Hi,
I'am RamBarath
CyberSecurity Analyst

Cybersecurity Analyst

WIPRO Ltd,

From: June 2021 - To: Present

• I have over 2.3+ years of experience in the cybersecurity field, specializing in working with security-related products.
• Worked as a member of the security operations team, overseeing one of the company's major accounts, USBank.
• Focused primarily on the management of boundary and endpoint security tools.
• Specialized in Cisco WSA proxies, ensuring timely updates based on user incidents and catalog requests.
• Managed change requests for Cisco proxies, implementing daily changes as required.
• Achieved a 100% SLA compliance rate for resolving all incidents, catalog tasks, and changes promptly.
• Handled proxy tenable changes, configuring settings via SecureCRT/Putty, with a fallback plan in case of failure.
• Collaborated with users or teams to resolve issues, utilizing SPLUNK web logs for troubleshooting.
• Analyzed web logs in Splunk, using user IP addresses, error timestamps, and destination URLs to rectify issues.
• Monitored proxy appliance status through Nagios, initiating reboots when necessary.
• Processed user/team requests for URL/IP allow or blocks (blocking restricted to CSIRT Team).
• Conducted monthly audits and clean-ups on the proxy to optimize performance and reduce workload.
• Utilized ServiceNow, tGRC Archer, and the Access Management Portal for change and request management.
• Developed and managed Business Continuity and Disaster Recovery plans to ensure business continuity during disruptions.
• Deployed newly released signatures to the PROD McAfee Network Security Manager.
• Kept the operations team informed about McAfee updates and ensured compliance during audits.
• Scheduled on-demand scans for servers based on pre-approved catalog requests through Tenable.io.

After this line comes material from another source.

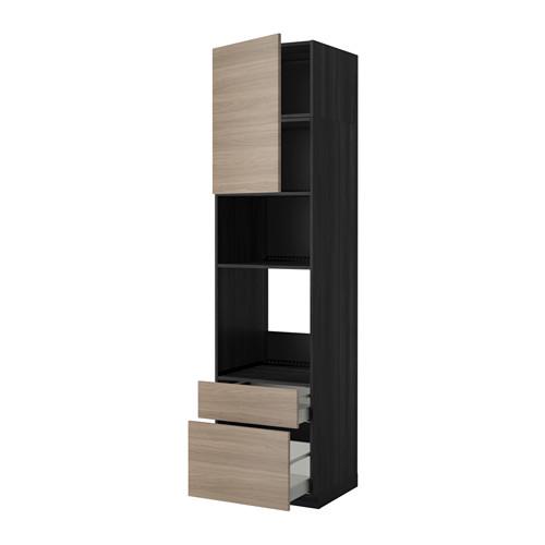 МЕТОД / МАКСИМЕРА Высок шкаф д/духовки/СВЧ/дверца/2ящ - 60x60x240 см, Брокхульт под грецкий орех светло-серый, под дерево черный

• Monitored silent devices within the SIEM, initiating incident response when critical devices went offline.
• Utilized RSA Netwitness and SPLUNK for Cloud for on-premises and cloud device management.
• Managed all devices within SLAs, ensuring timely incident resolution.

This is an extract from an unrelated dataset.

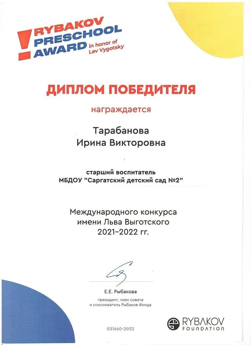- RYBAKOV Foundation, победитель международного конкурса им. Льва Выгодского, 2022 г.

• Periodically monitored ePO Servers and databases following best practices.
• Handled daily McAfee DAT deployments and ensured product compliance.
• Escalated issues to the Engineering team or vendors as needed.

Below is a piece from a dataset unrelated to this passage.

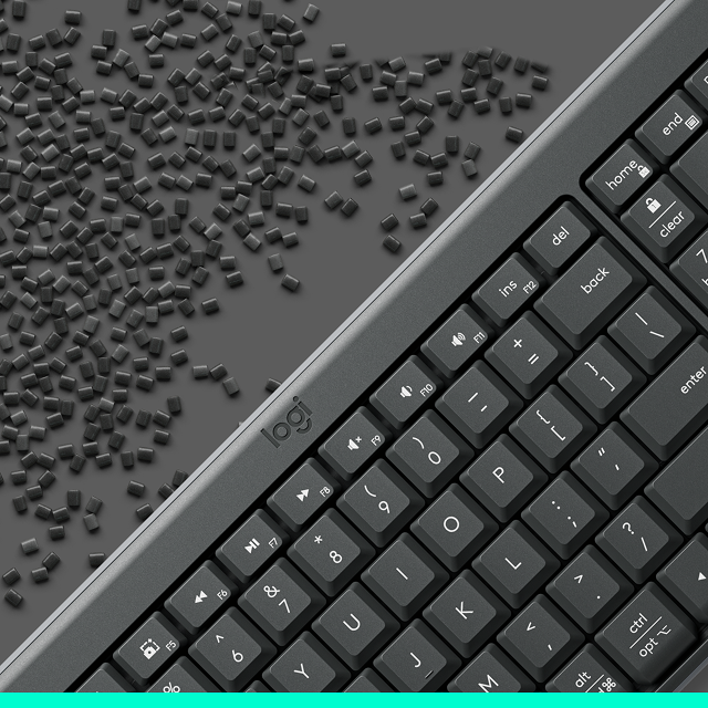 Пластикові деталі клавіатури K250 розроблені для тривалого використання, виготовлені з міцного матеріалу, що містить щонайменше 64% переробленого пластику, щоб витримувати щоденну тривалу роботу.

• Managed upper management escalations regarding boundary security products.
• Provided on-call support for high-severity issues during weekends.
• Administered CISCO web proxy devices, allowing specific URL category access based on project requirements.
• Monitored all security devices, including EPO, NSM, Imperva, and CISCO proxies.
• Ranked 1st out of 16 colleagues for Incident, Task, and Change closure in 4 out of 8 Quarters.
• Developed process automation tools using Selenium and VBA Scripts to streamline repetitive tasks and reporting processes.
• Identified process improvement opportunities to enhance operational effectiveness and team productivity.
• Communicated and built rapport with diverse teams, facilitating process automation and refinement for better collaboration.